Эта его подколка и выбила из меня всю мнительность. Сама не осознала, как верх взяло профессиональное призвание:
– С ней стало превышение тиреотропных гормонов и ХЧГ! – выплюнула я.
Адриано ненадолго озадачился, но так и не найдя подходящего ответа, просто выдал:
– Я тоже умею ругаться, – выдал этот хвостатый, разбирающийся в эндокринологии так же, как слесарь-сантехник в китайских вазах эпохи Мин. – А если боишься, что поведением как-то выдашь себя… Я успел убедиться, что женщины всех времен одинаковы. Почаще делай реверансы, загадочно улыбайся и томно тяни: «Право же, синьор…» Единственное – веером больно-то не увлекайся… а то с тебя станется: тремя неосторожными взмахами назначить горизонтальную встречу.

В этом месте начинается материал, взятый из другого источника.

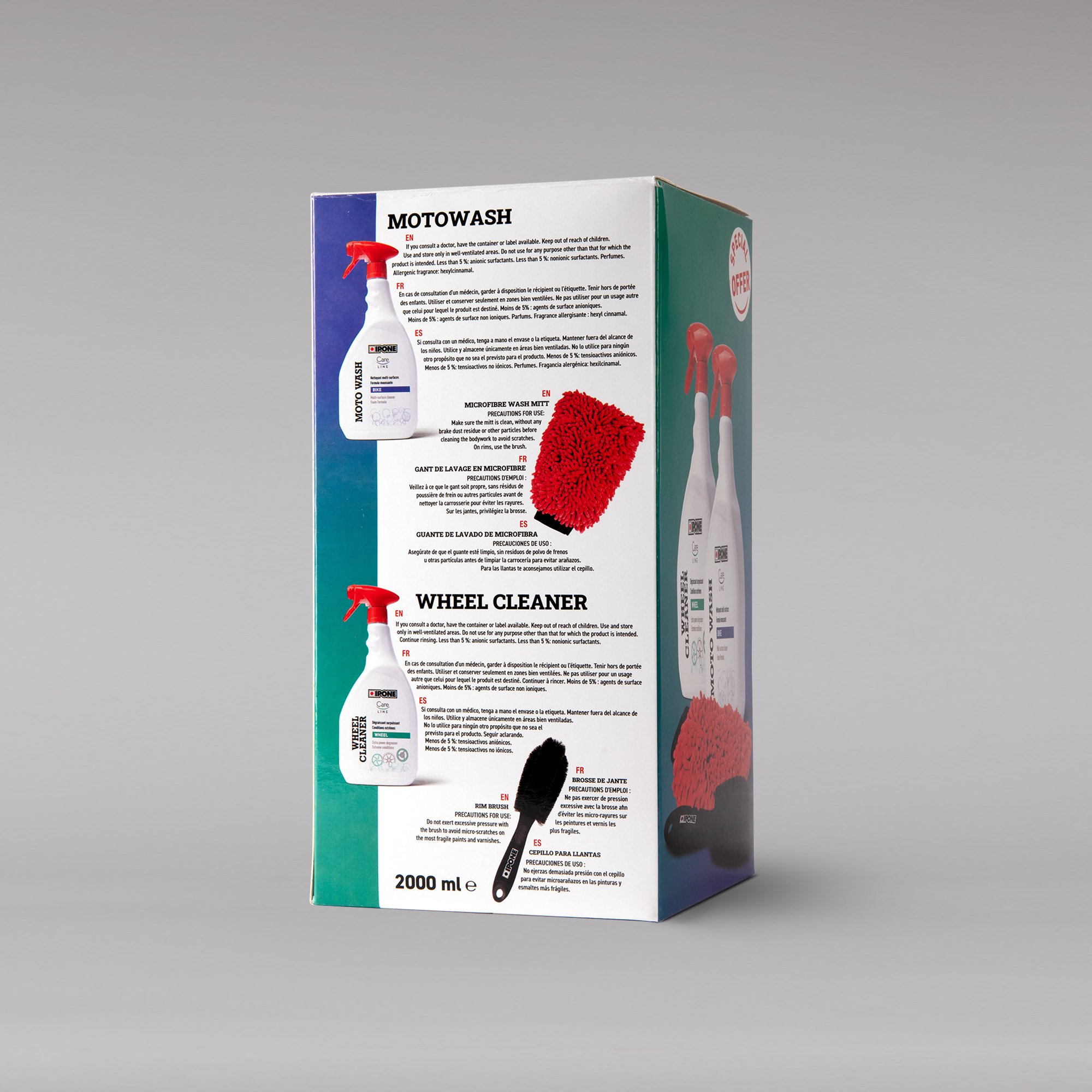Σχεδιασμένο για αναβάτες που απαιτούν αποτελεσματικότητα, το κιτ περιλαμβάνει δύο υψηλής απόδοσης προϊόντα, το MOTO WASH και το WHEEL CLEANER — δύο από τα κορυφαία και δοκιμασμένα best-sellers της σειράς Careline — καθώς και δύο απαραίτητα νέα αξεσουάρ, που διατηρούν τη μοτοσυκλέτα πεντακάθαρη με ελάχιστο κόπο.
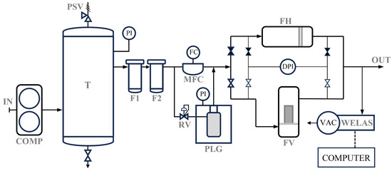 Figure 2. The experimental setup for testing gas–liquid coalescing media is as follows: COMP-rotary gas compressor; T—compressed air feed tank; F1, F2—air cleaning filters; MFC—mass flow controller; RV—reducing valve; PLG—aerosol generator; FH—horizontal filter housing (for flat media); FV—vertical filter housing (for cartridge filters); VAC—vacuum pump; WELAS—particle counter.
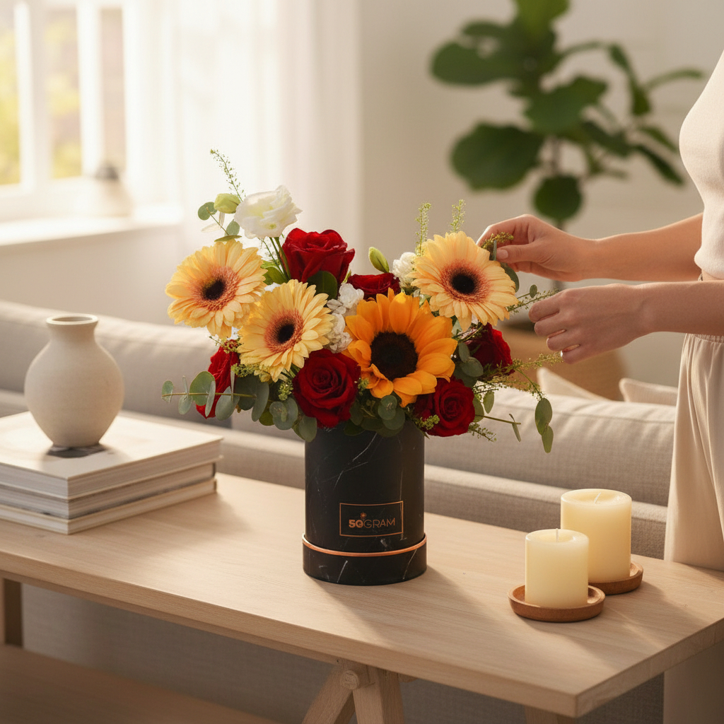 The stylish box adds a touch of luxury and sophistication to the arrangement, making it a perfect centerpiece or decoration for any occasion. The Karima Champagne Gerberas Flower Box is an excellent choice for birthdays, anniversaries, or any other special occasion.
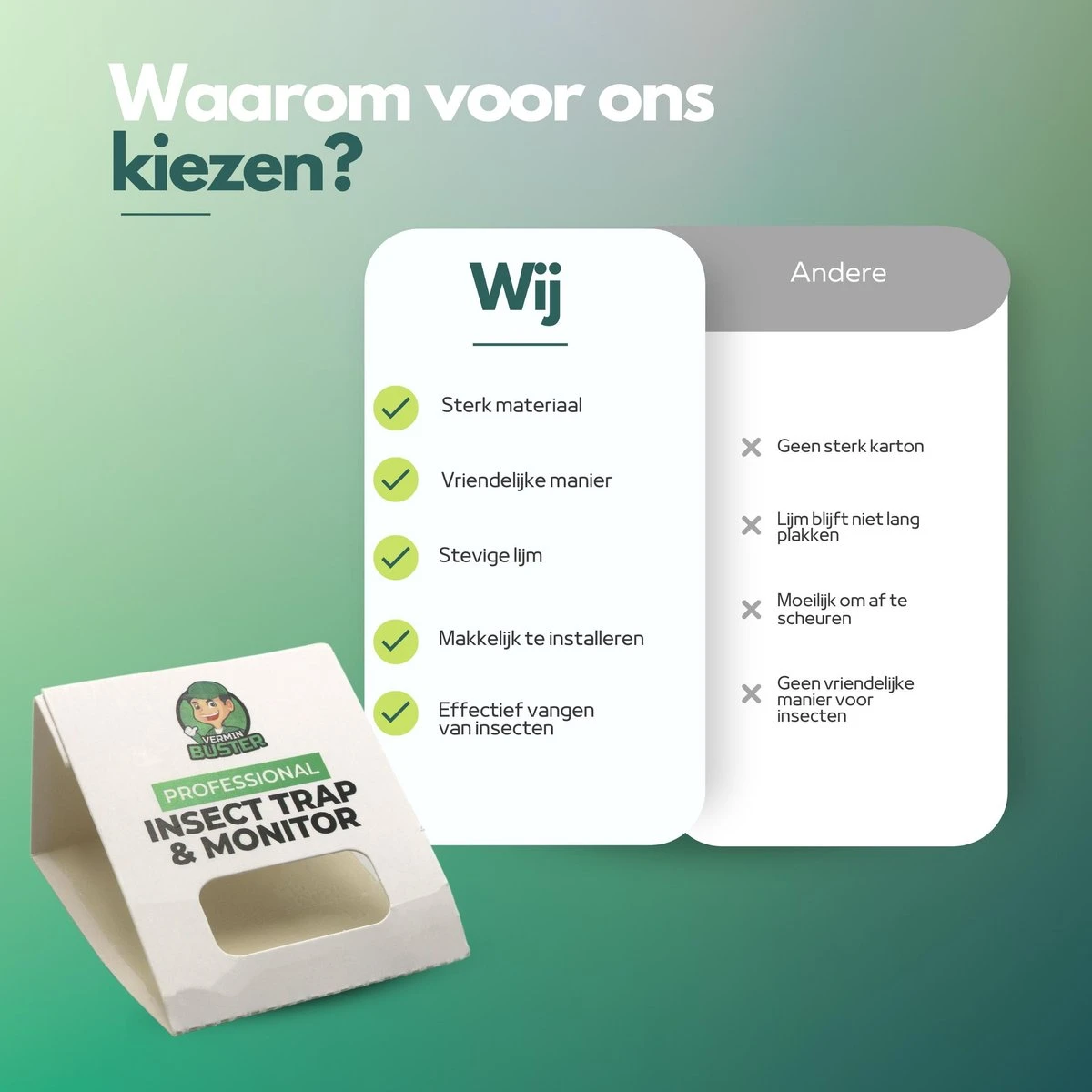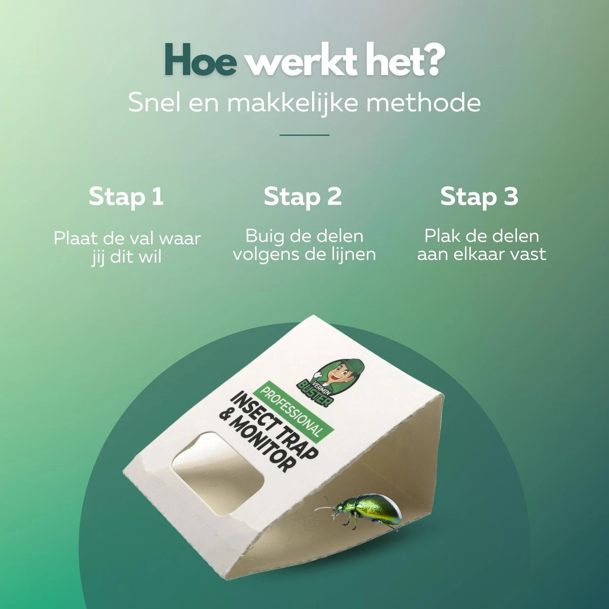 Het gebruik van de VerminBuster zilvervisjesvallen is erg simpel. Het is een gifvrije en reukloze val die speciaal gemaakt is voor het vangen van insecten. De val bootst de schuilplaats van insecten na wat de vangkans extra groot maakt. Door de onopvallende bedrukking past het product bij ieder interieur. Zodra de zilvervisjes de val betreden, blijven ze vastkleven op de lijmlaag.

Сборы проходили молча, в наспех снятой комнате в одном из трактиров. Свекор сначала бдел мою честь, а посему выставил Адриано за дверь, а потом и сам покинул неказистые апартаменты, давая возможность переодеться. Вот только он не учел одного: глубина декольте платьев тех времен была сопоставима лишь с длиной их юбок. Зашнуровать же такое безобразие самостоятельно, чтобы оно не свалилось в неподходящий момент, оголив грудь, и вовсе поначалу не представлялось возможным.
Но мне все же удалось кое-как затянуть шнуровку, выворачивая руки под немыслимым углом.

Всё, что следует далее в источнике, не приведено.